WORK REQUEST: Retype the data that follows line by line, exactly, and leave its pictures out.

[DATASET EXCERPT Boundary: Start]

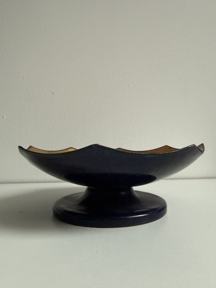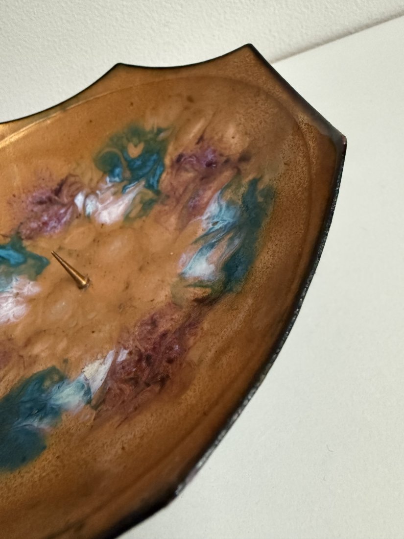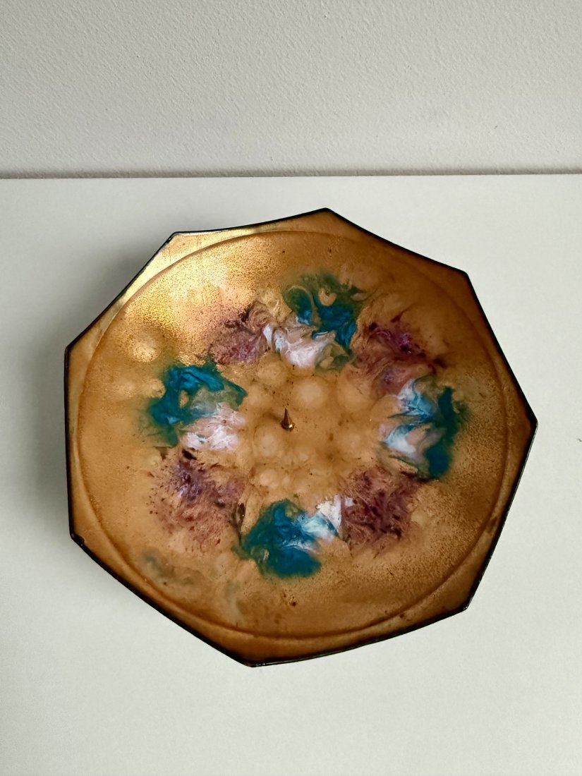 Miedziany świecznik emaliowany z połowy XX wieku z nóżką, ręcznie robiony, misa emaliowana, kształt sześciokątny, vintage, retro, Niemcy Zachodnie. Lekkie ślady użytkowania, wszystko na zdjęciach. Średnica 16cm. Wysokość 5cm.
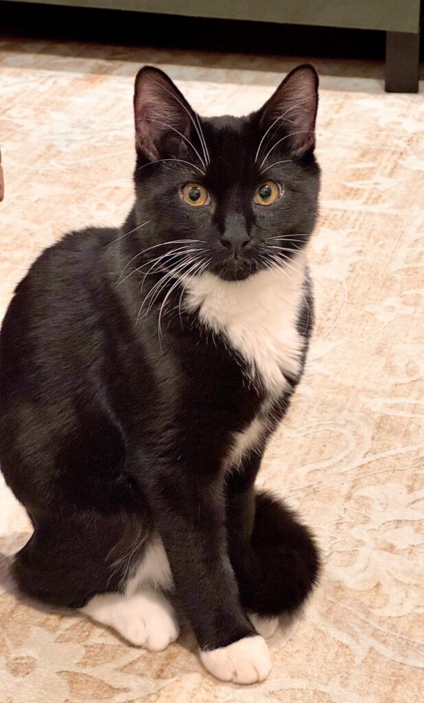 Amber-eyed tuxedo boy Sabino is a friendly, playful little guy with a big personality who needs a home. Sabino was heartlessly left behind by someone who moved away and left him out on the street to fend for himself. A kind person saw him, frightened and hungry, and got him off the street, but couldn’t keep him. Fast-forward to today: Sabino has adjusted well to his foster home. He’s affectionate, curious, and playful with a personality that fills the room. You might find Sabino one minute equally happy curled up in a cozy nook or the next minute batting at a toy with his white-tipped paws. Sabino peacefully coexists with the dog in his foster home. We haven’t seen him around children yet, but we believe he’d likely do well with respectful kids who know how to interact gently with cats. Sabino would do best in an interactive home where he isn’t left alone for long hours. Sabino is about a year old. He seems to be an easy boy who would be suitable for a first-time adopter looking for a devoted companion for life.
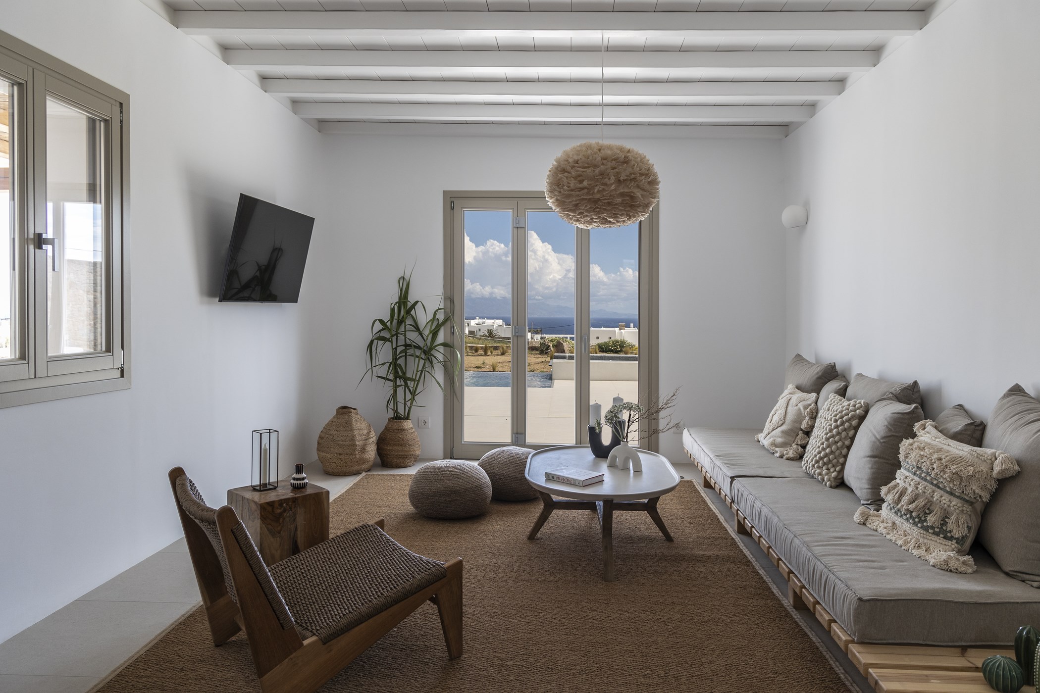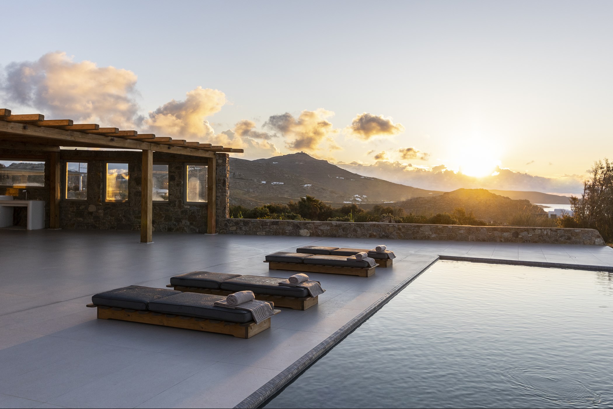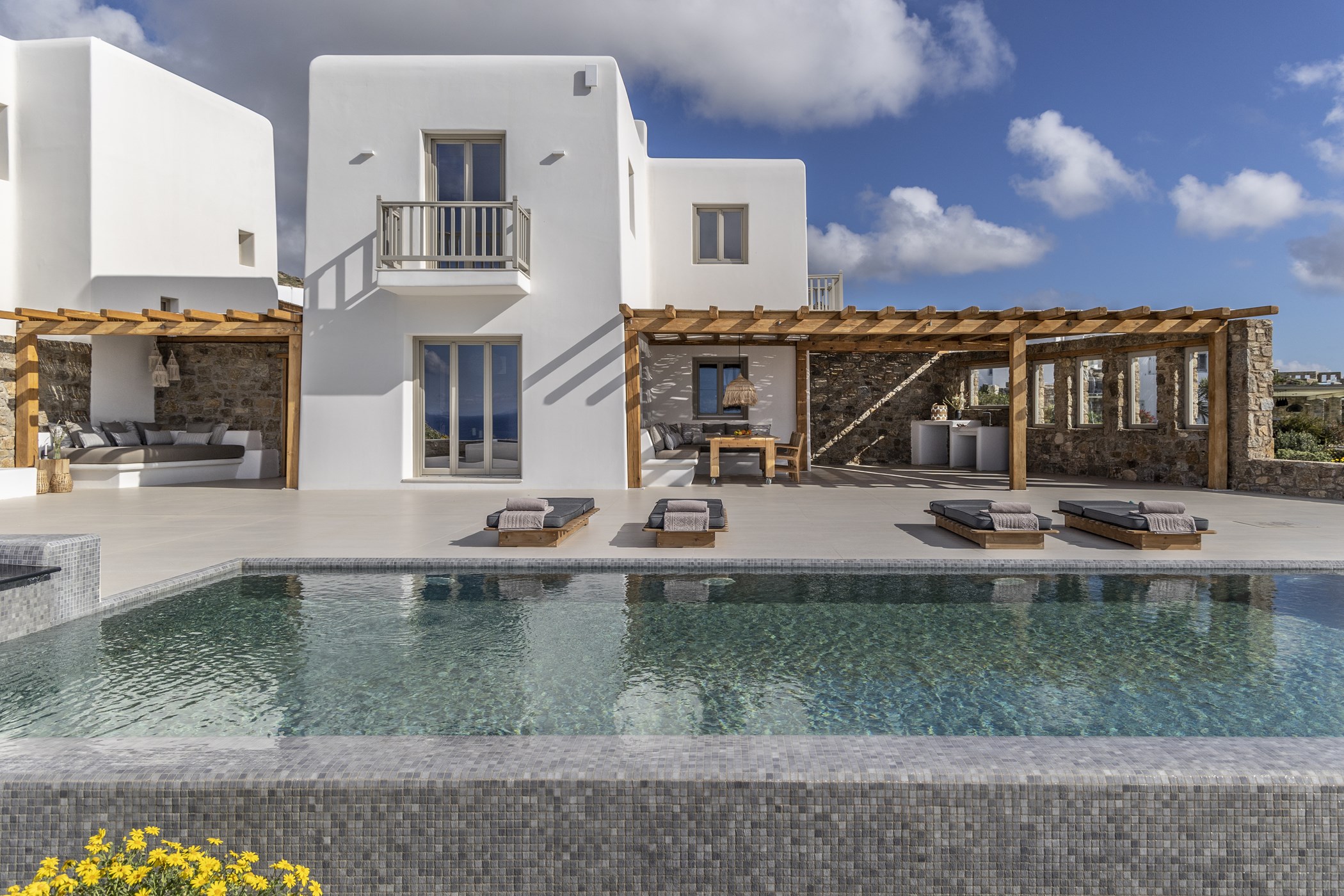 Indulge in the captivating allure of Mykonos at this Brand New Villa for Easy Living. Nestled in the scenic Kalo Livadi area, this residence offers a luxurious retreat for relaxation and enjoyment. Featuring three exquisite bedrooms with ensuite bathrooms, the villa ensures a comfortable stay. The unobstructed view from each bedroom adds to the allure, creating a serene and captivating atmosphere. The careful selection of details, including natural materials and earthly tones, infuses the villa with a rustic touch. Combining modern amenities with a vintage aesthetic, this villa provides the perfect setting to experience the enchantment of Mykonos.
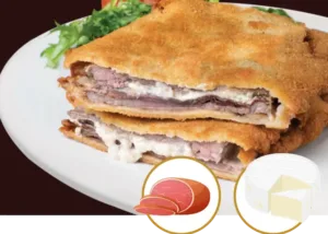 Una deliciosa fusión astur-leonesa de los mejores filetes de Ternera Asturiana (IGP) rellenos de una sabrosa cecina de vaca curada en su punto y un cremoso queso tierno de leche de cabra, todo ello recubierto de nuestra mezcla secreta de panes rallados que consiguen un rebozado muy crujiente y dorado.

[DATASET EXCERPT Boundary: End]

FINISHED EXERCISE:
 Miedziany świecznik emaliowany z połowy XX wieku z nóżką, ręcznie robiony, misa emaliowana, kształt sześciokątny, vintage, retro, Niemcy Zachodnie. Lekkie ślady użytkowania, wszystko na zdjęciach. Średnica 16cm. Wysokość 5cm.
 Amber-eyed tuxedo boy Sabino is a friendly, playful little guy with a big personality who needs a home. Sabino was heartlessly left behind by someone who moved away and left him out on the street to fend for himself. A kind person saw him, frightened and hungry, and got him off the street, but couldn’t keep him. Fast-forward to today: Sabino has adjusted well to his foster home. He’s affectionate, curious, and playful with a personality that fills the room. You might find Sabino one minute equally happy curled up in a cozy nook or the next minute batting at a toy with his white-tipped paws. Sabino peacefully coexists with the dog in his foster home. We haven’t seen him around children yet, but we believe he’d likely do well with respectful kids who know how to interact gently with cats. Sabino would do best in an interactive home where he isn’t left alone for long hours. Sabino is about a year old. He seems to be an easy boy who would be suitable for a first-time adopter looking for a devoted companion for life.
 Indulge in the captivating allure of Mykonos at this Brand New Villa for Easy Living. Nestled in the scenic Kalo Livadi area, this residence offers a luxurious retreat for relaxation and enjoyment. Featuring three exquisite bedrooms with ensuite bathrooms, the villa ensures a comfortable stay. The unobstructed view from each bedroom adds to the allure, creating a serene and captivating atmosphere. The careful selection of details, including natural materials and earthly tones, infuses the villa with a rustic touch. Combining modern amenities with a vintage aesthetic, this villa provides the perfect setting to experience the enchantment of Mykonos.
 Una deliciosa fusión astur-leonesa de los mejores filetes de Ternera Asturiana (IGP) rellenos de una sabrosa cecina de vaca curada en su punto y un cremoso queso tierno de leche de cabra, todo ello recubierto de nuestra mezcla secreta de panes rallados que consiguen un rebozado muy crujiente y dorado.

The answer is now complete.